KODE = C B P W T U E D

OCCURRENCES = 1 4 1 5 12 3 5 4

**Write your code in a file saved in the 8086 folder.**

Click on the following link to open a web page with the 8086 instruction set:

<http://www.jegerlehner.ch/intel/IntelCodeTable.pdf>

**Question 4** (9 points)

The IEEE-754 SP standard expresses floating-point numbers in 32 bits:

|  |  |  |  |  |
| --- | --- | --- | --- | --- |
| 31 | 30 | 23 | 22 | 0 |
| sign | exponent | | mantissa | |

Bit 31 is 0 if the number is positive, 1 if negative.

Write the addFPpositiveNumbers subroutine, which receives in input two 32-bit numbers, considers them as IEEE-754 SP floating point numbers, and returns their sum (in the same format). Bit 31 of the two input numbers is always 0 (i.e., the two numbers are positive).

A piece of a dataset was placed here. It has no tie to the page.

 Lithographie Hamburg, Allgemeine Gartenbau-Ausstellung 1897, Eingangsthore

In details, the subroutine implements the following steps:

1. take the mantissa of the two parameters
2. set bit 23 of the mantissa to 1
3. compare the two exponents. If they are equal, the exponent of the result is the same. If they are different:
   1. the exponent of the result is the highest one
   2. shift right the mantissa of the number with the lower exponent by as many position as the difference between the two exponents.
4. sum the two mantissas: this is the mantissa of the result. If bit 24 of the mantissa of the result is 1:
   1. shift right the mantissa of the result by one position
   2. increment the exponent of the result by one.
5. set bit 23 of the mantissa of the result to 0.
6. combine the mantissa and the exponent to get the final result.

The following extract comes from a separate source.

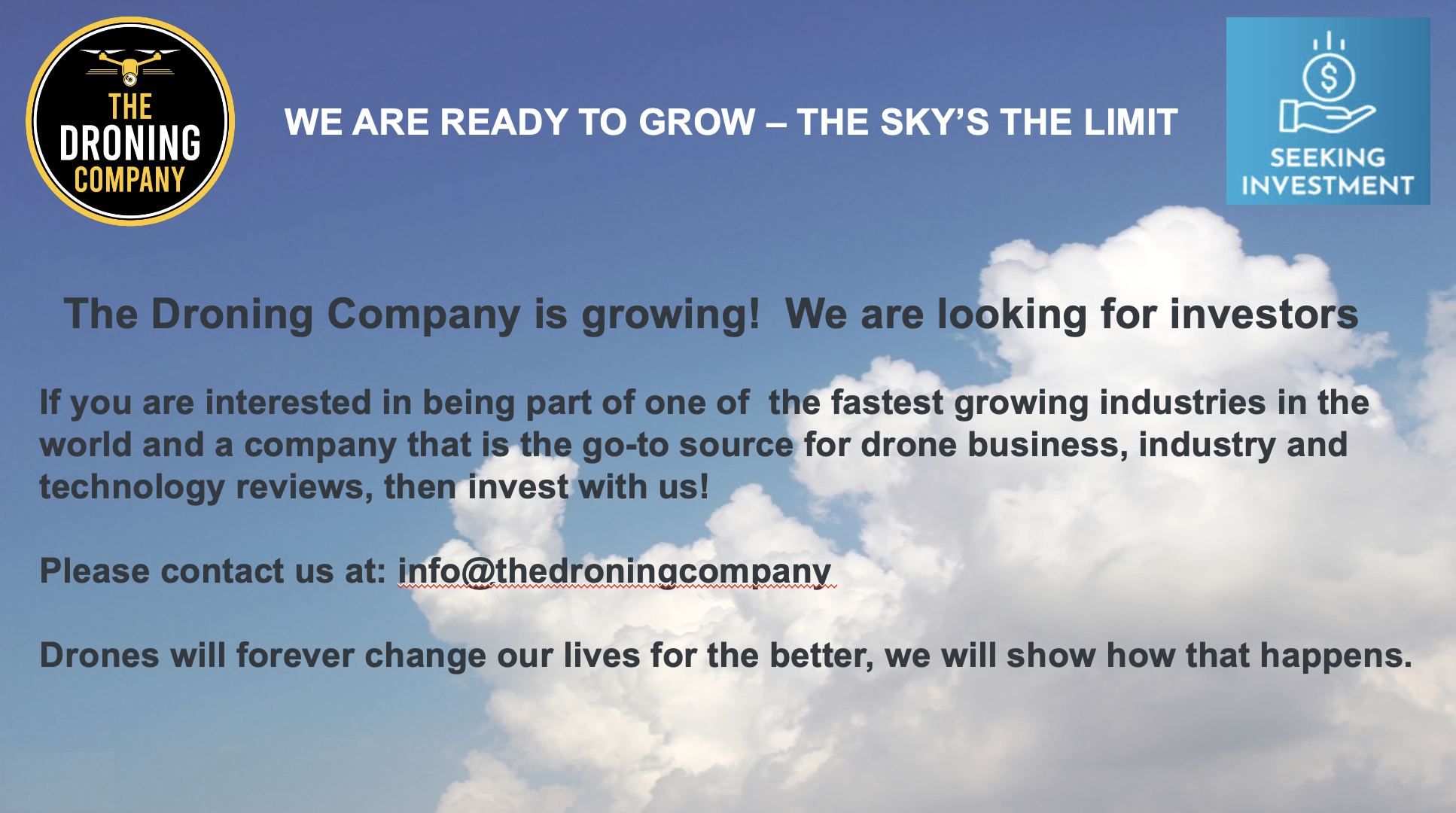 Be a part of the next phase of our skyrocketing growth. Contact info@thedroningcompany.com for details.

Example: parameter1 = 0100 0010 0100 1011 0000 0000 0000 0000

parameter2 = 0100 0001 1010 0100 0000 0000 0000 0000

1. mantissa1 = 0000 0000 0100 1011 0000 0000 0000 0000   
   mantissa2 = 0000 0000 0010 0100 0000 0000 0000 0000
2. mantissa1 = 0000 0000 1100 1011 0000 0000 0000 0000   
   mantissa2 = 0000 0000 1010 0100 0000 0000 0000 0000
3. exponent1 = 1000 0100  
   exponent2 = 1000 0011
   1. exponentResult = 1000 0100
   2. mantissa2 = 0000 0000 0101 0010 0000 0000 0000 0000
4. mantissaResult = 0000 0001 0001 1101 0000 0000 0000 0000
   1. mantissaResult = 0000 0000 1000 1110 1000 0000 0000 0000
   2. exponentResult = 1000 0101
5. mantissaResult = 0000 0000 0000 1110 1000 0000 0000 0000
6. result = 0100 0010 1000 1110 1000 0000 0000 0000

Important notes:

1. **Create a new project with Keil inside the “ARM” directory and write your code there. The “ARM” directory contains some subdirectories that you can add to your project if you need them.**
2. In the Keil project, the following settings apply to the LPC1768 board:
   * Simulator: dialog DLL DARMP1.DLL, parameter -pLPC1768
   * ULINK2/ME Cortex Debugger: dialog DLL TARMP1.DLL, parameter -pLPC1768
3. The assembly subroutine must comply with the ARM Architecture Procedure Call Standard (AAPCS) standard (in terms of parameter passing, returned value, callee-saved registers).
4. Click on the following links to open web pages with the ARM instruction set

<http://www.keil.com/support/man/docs/armasm>

<https://developer.arm.com/documentation/ddi0337/e/Introduction/Instruction-set-summary?lang=en>

1. You can use the following link to convert between the IEEE 754 SP notation and the corresponding value:

<https://www.h-schmidt.net/FloatConverter/IEEE754.html>

**Question 5** (5 points)

Add a C file (e.g. sample.c) to the project created in the previous exercise.  
Write here the main function (which needs to be called from the Reset handler).  
Inside the main function, call the addFPpositiveNumbers subroutine, passing two floating-point numbers. If the result is higher than 3.1415, you have to switch on led 4 and switch off all other leds. Otherwise, switch on led 5 and switch off all other leds.